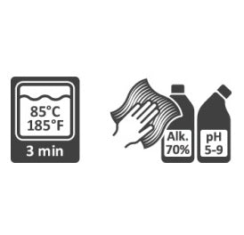 Rengör produkten med rengöringsmedel utan lösningsmedel och med pH-värde 5-9 eller med 70% desinfektionssprit. Kan vid behov dekontamineras i max 85°C.
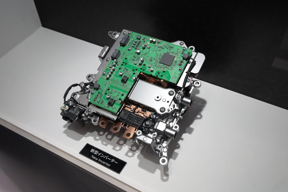 An inverter converts direct current (DC) from the battery into alternating current (AC). This inverter leverages SiC (Silicon Carbide) power semiconductors in the power cards that perform current conversion.
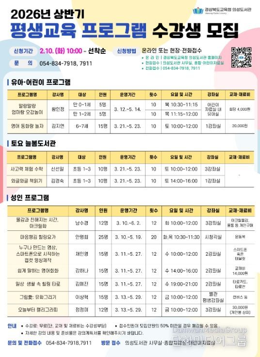 시민행정신문 기자 | 경상북도교육청 의성도서관은 지역주민의 평생학습 기회를 확대하고 삶의 질 향상을 도모하기 위해 2월 10일(화)부터 상반기 평생교육 프로그램 수강생을 모집한다고 밝혔다.
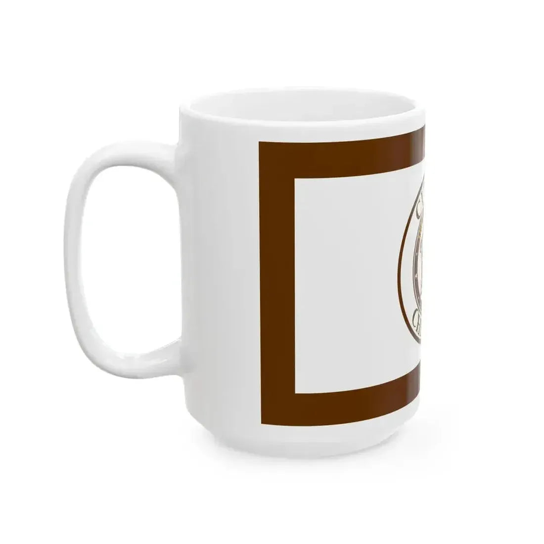 This White Coffee Mug showcases the Flag of Cheyenne, Wyoming, a city known for its Old West charm nestled in the northwestern part of the Cowboy State, United States. The design on this mug is a vibrant representation of the city's official flag, featuring a gold circle encircling 20 stars – representing Wyoming as the 44th state to join the Union – and a depiction of the historic Cheyenne-Black Hills Stagecoach Route. This mug makes an excellent gift for history enthusiasts, Wyoming residents, or anyone who appreciates unique and cool drinkware.
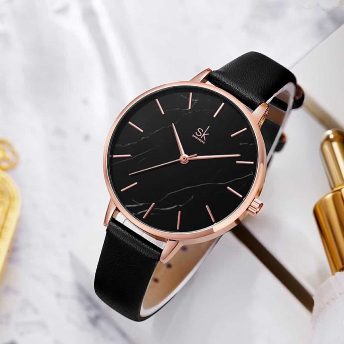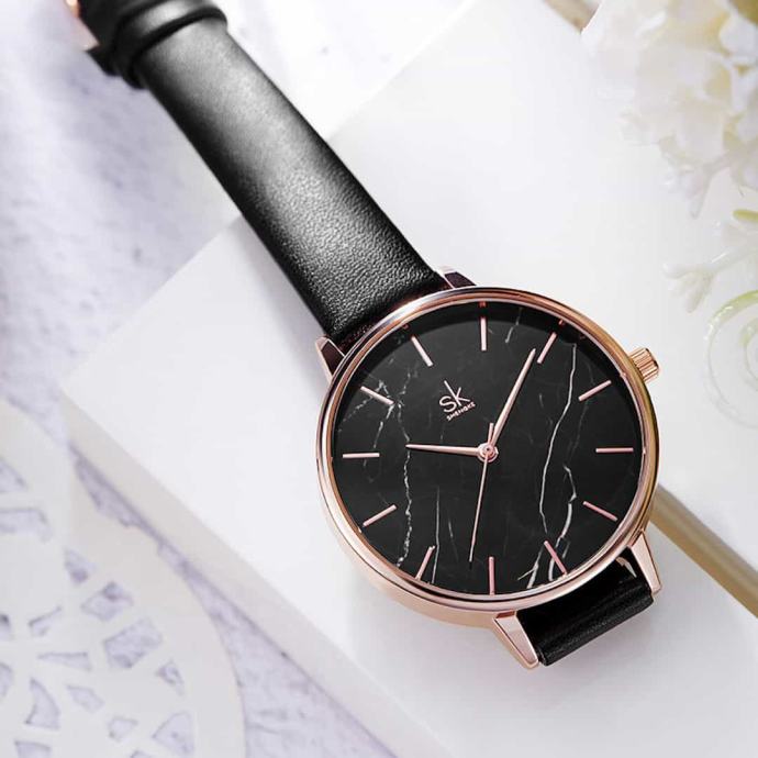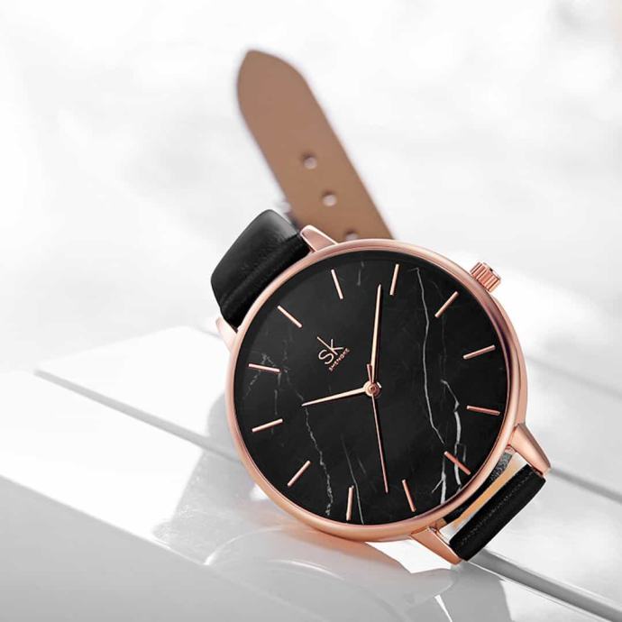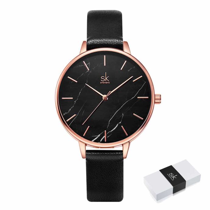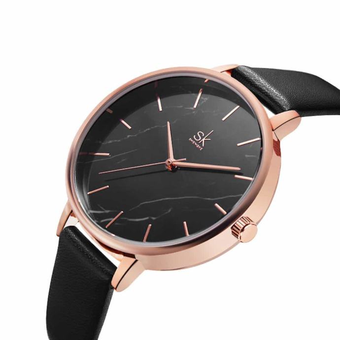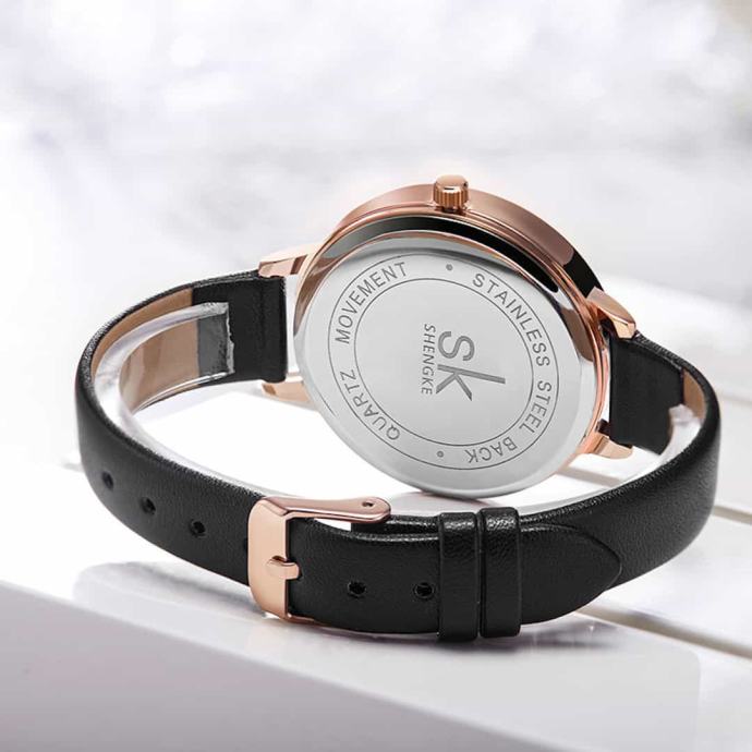 Ženska ročna ura SK Shengke Marble BlackOdkrijte brezčasno lepoto in prefinjenost z žensko ročno uro SK Shengke Marble Black. Ta izjemna ura je zasnovana za ženske, ki cenijo eleganco in vrhunsko izdelavo, združeno v enem kosu. Ženska ročna ura SK Shengke Marble Black izstopa s čudovito črno številčnico, ki spominja na marmor. Elegantni zlati kazalci in subtilne oznake ur dopolnjujejo prefinjen videz, ki izžareva luksuz in prefinjenost. Ta ženska ročna ura je popolna za vse priložnosti, od vsakodnevnega nošenja do posebnih dogodkov.Ura je opremljena s črnim usnjenim paščkom, ki zagotavlja udobje in vzdržljivost. Njegova nevtralna barva se popolnoma ujema z zlato številčnico, kar ustvarja eleganten in sofisticiran videz.Ohišje ure je izdelano iz rožnato zlatega nerjavečega jekla, kar zagotavlja trajnost in odpornost na vsakodnevno obrabo. Zadnji del ohišja je prav tako izdelan iz nerjavečega jekla, kar prispeva k splošni trpežnosti in kakovosti ure. Ura SK Shengke Marble Black uporablja zanesljiv kvarčni mehanizem, ki zagotavlja natančnost.SK Shengke Marble Black je več kot le ura – je izjava o vašem prefinjenem okusu in občutku za stil. Nosite jo ob vsaki priložnosti in dovolite, da postane vaš najljubši modni dodatek. Ročne ure za ženske Shengke so znane po svoji eleganci in kakovosti, in ta model ni izjema.Ne čakajte več! Dodajte pridih prefinjenosti svojemu vsakdanjiku z žensko ročno uro SK Shengke Marble Black. Naročite zdaj in postanite lastnica te čudovite ure, ki bo zagotovo obogatila vašo zbirko modnih dodatkov. Iščete poceni ženske ročne ure Shengke? Ta model ponuja izjemno vrednost za svojo ceno, kar ga naredi popolno izbiro za vse, ki iščejo kakovost in stil po ugodni ceni.Ura ima 12 mesečno garancijo.V kolikor z nakupom niste zadovoljni, lahko ročno uro v roku 60-ih dni od prejema vrnete na naš naslov, mi pa vam bomo vrnili kupnino.Ročna ura je idealna tudi za darilo, saj jo prejmete v elegantni darilni škatlici.

※

# [WHAT IS BEING ASKED]
Print the records again exactly. Skip every picture.

# [EXERCISE RESULT]
 Rengör produkten med rengöringsmedel utan lösningsmedel och med pH-värde 5-9 eller med 70% desinfektionssprit. Kan vid behov dekontamineras i max 85°C.
 An inverter converts direct current (DC) from the battery into alternating current (AC). This inverter leverages SiC (Silicon Carbide) power semiconductors in the power cards that perform current conversion.
 시민행정신문 기자 | 경상북도교육청 의성도서관은 지역주민의 평생학습 기회를 확대하고 삶의 질 향상을 도모하기 위해 2월 10일(화)부터 상반기 평생교육 프로그램 수강생을 모집한다고 밝혔다.
 This White Coffee Mug showcases the Flag of Cheyenne, Wyoming, a city known for its Old West charm nestled in the northwestern part of the Cowboy State, United States. The design on this mug is a vibrant representation of the city's official flag, featuring a gold circle encircling 20 stars – representing Wyoming as the 44th state to join the Union – and a depiction of the historic Cheyenne-Black Hills Stagecoach Route. This mug makes an excellent gift for history enthusiasts, Wyoming residents, or anyone who appreciates unique and cool drinkware.
 Ženska ročna ura SK Shengke Marble BlackOdkrijte brezčasno lepoto in prefinjenost z žensko ročno uro SK Shengke Marble Black. Ta izjemna ura je zasnovana za ženske, ki cenijo eleganco in vrhunsko izdelavo, združeno v enem kosu. Ženska ročna ura SK Shengke Marble Black izstopa s čudovito črno številčnico, ki spominja na marmor. Elegantni zlati kazalci in subtilne oznake ur dopolnjujejo prefinjen videz, ki izžareva luksuz in prefinjenost. Ta ženska ročna ura je popolna za vse priložnosti, od vsakodnevnega nošenja do posebnih dogodkov.Ura je opremljena s črnim usnjenim paščkom, ki zagotavlja udobje in vzdržljivost. Njegova nevtralna barva se popolnoma ujema z zlato številčnico, kar ustvarja eleganten in sofisticiran videz.Ohišje ure je izdelano iz rožnato zlatega nerjavečega jekla, kar zagotavlja trajnost in odpornost na vsakodnevno obrabo. Zadnji del ohišja je prav tako izdelan iz nerjavečega jekla, kar prispeva k splošni trpežnosti in kakovosti ure. Ura SK Shengke Marble Black uporablja zanesljiv kvarčni mehanizem, ki zagotavlja natančnost.SK Shengke Marble Black je več kot le ura – je izjava o vašem prefinjenem okusu in občutku za stil. Nosite jo ob vsaki priložnosti in dovolite, da postane vaš najljubši modni dodatek. Ročne ure za ženske Shengke so znane po svoji eleganci in kakovosti, in ta model ni izjema.Ne čakajte več! Dodajte pridih prefinjenosti svojemu vsakdanjiku z žensko ročno uro SK Shengke Marble Black. Naročite zdaj in postanite lastnica te čudovite ure, ki bo zagotovo obogatila vašo zbirko modnih dodatkov. Iščete poceni ženske ročne ure Shengke? Ta model ponuja izjemno vrednost za svojo ceno, kar ga naredi popolno izbiro za vse, ki iščejo kakovost in stil po ugodni ceni.Ura ima 12 mesečno garancijo.V kolikor z nakupom niste zadovoljni, lahko ročno uro v roku 60-ih dni od prejema vrnete na naš naslov, mi pa vam bomo vrnili kupnino.Ročna ura je idealna tudi za darilo, saj jo prejmete v elegantni darilni škatlici.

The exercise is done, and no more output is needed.